Ao longe, parece um castelo de brincar ali esquecido desde tempos medievais. Empoleirado no topo de um penhasco de rocha negra, é descrito por um utilizador do TripAdvisor como “o hotel mais extravagante do norte da Cornualha”. Mas também “o mais reacionário” – já que, na bandeira hasteada na torre central é possível avisar um Q maiúsculo. Um Q que remete para QAnon, a rede de teorias da conspiração alimentadas em fóruns online pelo famoso Q, um ativista de extrema-direita, alegadamente anónimo que encontrou um amplo eco entre os apoiantes de Donald Trump e do Brexit. E o chamado Castelo de Camelot, em Tintagel, acaba de revelar-se o primeiro hotel britânico a oferecer-se como ponto de encontro para os seguidores daquele culto, pessoas convencidas de que o Partido Democrata americano faz parte de “uma rede satânica” de “pedófilos” que quer “governar o mundo”.

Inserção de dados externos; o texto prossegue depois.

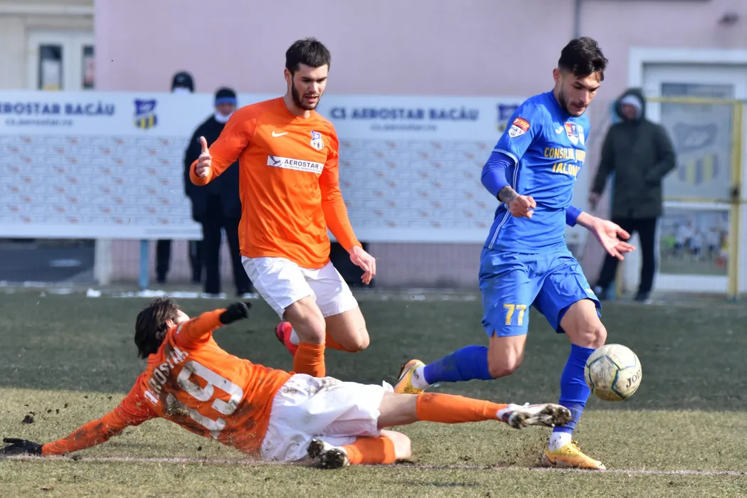 Adrian Moldovan (D), de la FC Unirea Slobozia, si Alexandru Corban (C), de la CS Aerostar Bacau, lupta pentru posesia balonului in meciul de fotbal dintre CS Aerostar Bacau si FC Unirea Slobozia, disputat pe stadionul Aerostar din Bacau, sambata, 20 februarie 2021. DRAGOS PASCANEANU / MEDIAFAX FOTO

Na costa noroeste do condado da Cornualha, Tintagel é muito conhecida pela lenda do Rei Artur. Perto do hotel, encontram-se as ruínas de uma fortaleza do século XIII e cujas fundações escondem uma construção do período romano-britânico, entre os séculos V e VI. Quando esta última estrutura foi descoberta em 2016, especulou-se que poderia ser o castelo de Uther Pendragon, o local onde o lendário senhor da guerra britânico concebeu o seu filho Arthur. Mas se, nos últimos anos, o mito de Camelot e dos seus Cavaleiros da Távola Redonda tornou-se uma das principais atrações turísticas na área, mais recentemente outro valor se levantou como chamariz – sobretudo desde que o átrio da entrada passou a erguer um quadro com uma dedicatória de Donald Trump. Mas há mais sinais dessa tomada do castelo de Camelot.
Excêntrico, ele?
Segundo contou um grupo de visitantes que andou por ali a passear ao semanário digital Air Mail, a descrição do site remete para um lugar quase mágico, entre o pitoresco e o encantador. Mas além daquela imagem logo à chegada, quando entraram nos quartos encontraram ainda nas almofadas os poemas “esotéricos e patrióticos” do proprietário do hotel, John Mappin, homem já visto a sorrir em fotos ao lado de Donald e Melania Trump, e um dos teóricos da rede conhecida como QAnon.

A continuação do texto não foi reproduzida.